Le ristrettezze diedero anche adito ai primi episodi di insofferenza, uno dei quali vide protagonisti noi ragazzini. Addestrati da mio cugino Aurelio, più “vecchio” di un anno, avevamo imparato a cantare, sull’aria della celebre canzone di Lale Andersen, il seguente ritornello: “Mentre i ingles mangen i rost a nun me tuca suscià i oss, per te Lili Marlèn, per te Lilì Marlén…“.
Fu un errore cantarlo a squarciagola all’oratorio, ma rimediammo con un lungo silenzio consigliato dagli adulti, insolitamente dolci e persuasivi nell’occasione.
E tale in seguito fu il comportamento di mio padre che seppe renderci avveduti complici nell’ascolto di Radio Londra, dal quale all’interno dell’abitazione per ragioni “logistiche” non potevamo essere esclusi. Fummo fieri d’essere depositari di un segreto di famiglia.

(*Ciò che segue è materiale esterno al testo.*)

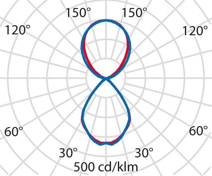 - Lysfordeling: direkte og indirekte, symmetrisk, 37 ° hver
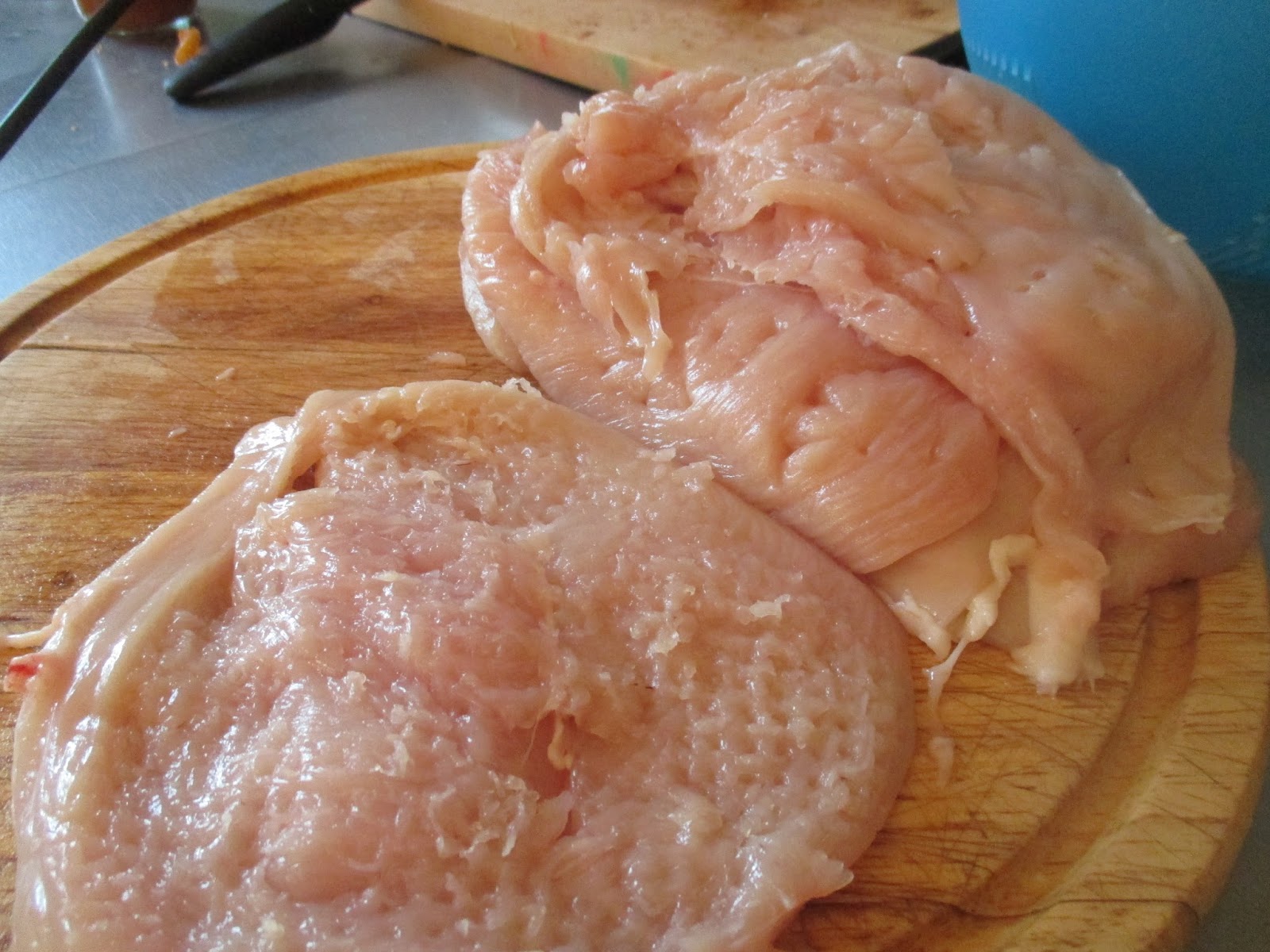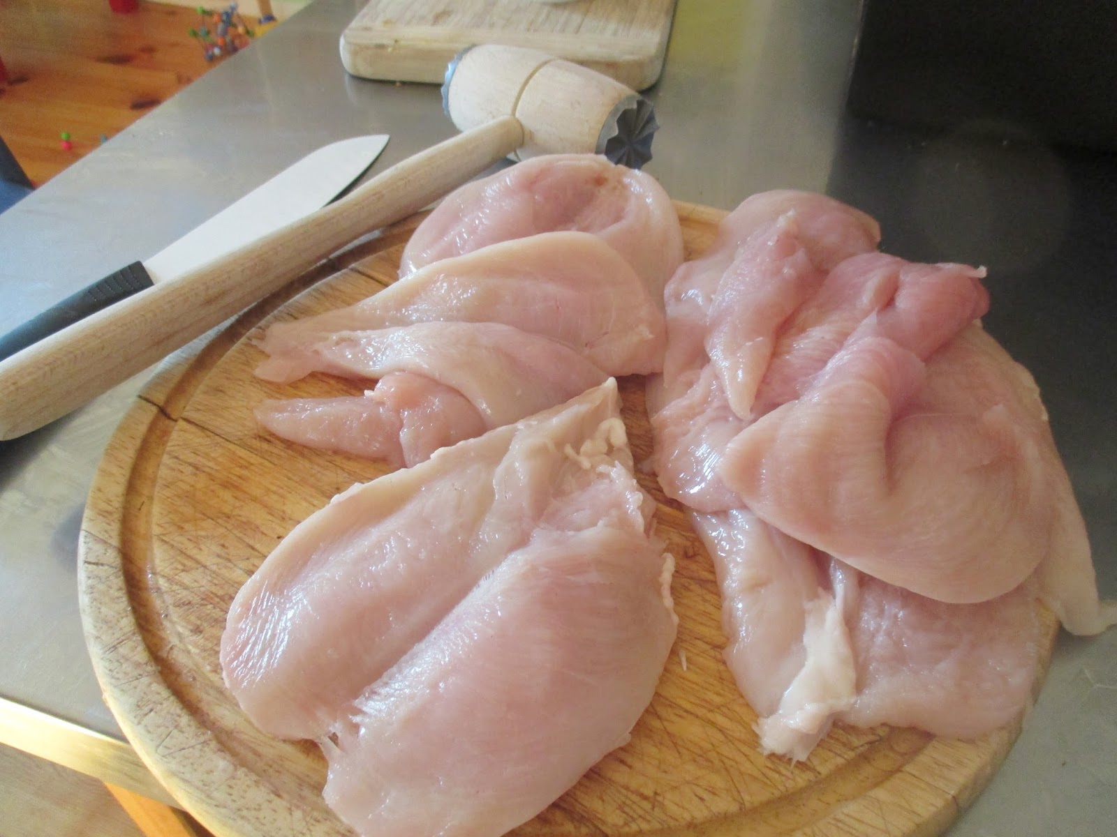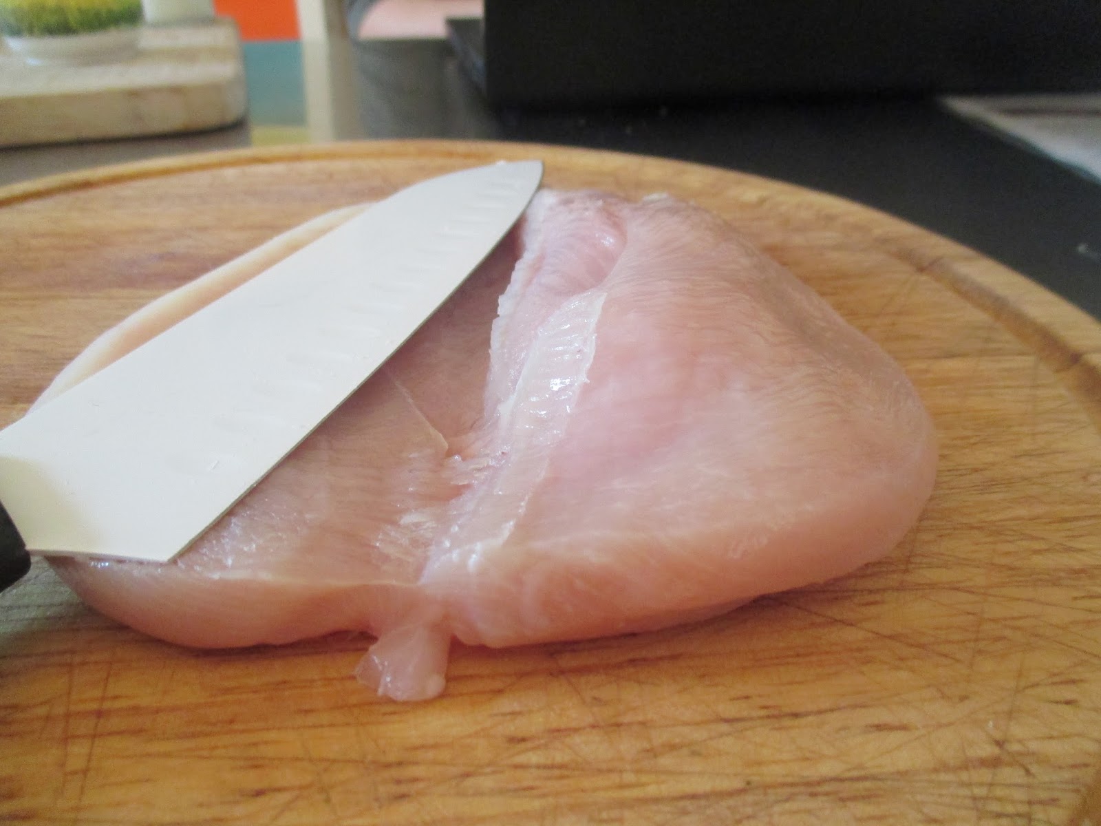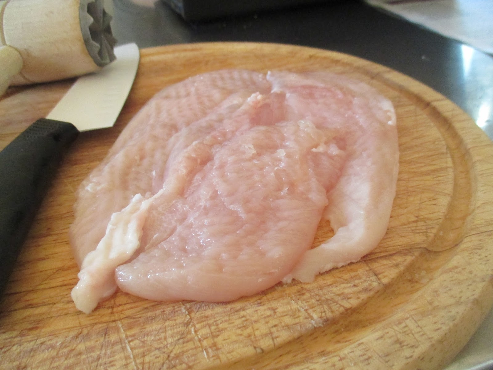 Hähnchenbrust ist ein ziemlich dickes Fleisch, bei dem sich viele Menschen bei der Zubereitung verhauen. Die meisten können nur in der Mitte roh, oder vor Angst so durchgebraten, dass man die Fleischfaser von vorne nach hinten durchziehen kann. Solche Köche, betreiben dann meistens auch noch einen florierenden Sohlen- und Absatzdienst, um Ihre tot gebratenen Spezialitäten unters Volk zu werfen, die so zäh geraten, dass sie zum menschlichen Verzehr nicht mehr geeignet sind. Jetzt schaffen wir Abhilfe. Einfach auf halber Höhe mit einem scharfen Messer ansetzen und fast bis zum anderen Ende durchschneiden. Nicht ganz durch ziehen, weil man dann zwei Hälften hätte. Ziel des Schmetterlingsschnitts ist eine möglichst große Fleischfläche in einem Stück zu haben. Also kurz bis vor das Ende schneiden und das Fleisch danach aufklappen, wie oben zu sehen.

L’ iniziativa degli orti urbani e la grande crisi mi hanno indotto a paralleli indubbiamente forzati, ma è un fatto che viviamo giorni difficili per i quali almeno in termini di solidarietà e collaborazione si dovrebbe recuperare il sentire profondo, l’attenzione al prossimo dei giorni in cui la sofferenza era reale, un male di tutti. Oggi viviamo di corsa, magari al momento ci sentiamo coinvolti in drammi autentici, ma poi li accantoniamo, li rimuoviamo, ognuno per sé e Dio per tutti, l’esatto contrario della rivoluzione cristiana. Esagero? Ma chi si ricorda dei morti e delle distruzioni del terremoto in Emilia, tragedia avvenuta a tre ore d’auto da Varese? E questi vuoti di memoria li abbiamo anche davanti alle sparate elettorali dei partiti, tutti, nessuno escluso da sempre dediti alla conquista di un potere fatto di privilegi per chi lo gestisce e di sacrifici per chi lo subisce. Una vera svolta nel Paese ci sarebbe solo con riforme indilazionabili, prima tra tutte l’abbattimento della casta, il suo dimezzamento. Invece oggi nessuno più ne parla.
Non ho dubbi, sono loro, i partiti, tutti quelli che contano, la Lili Marleen dell’Italia 2013. E nun suscium i oss.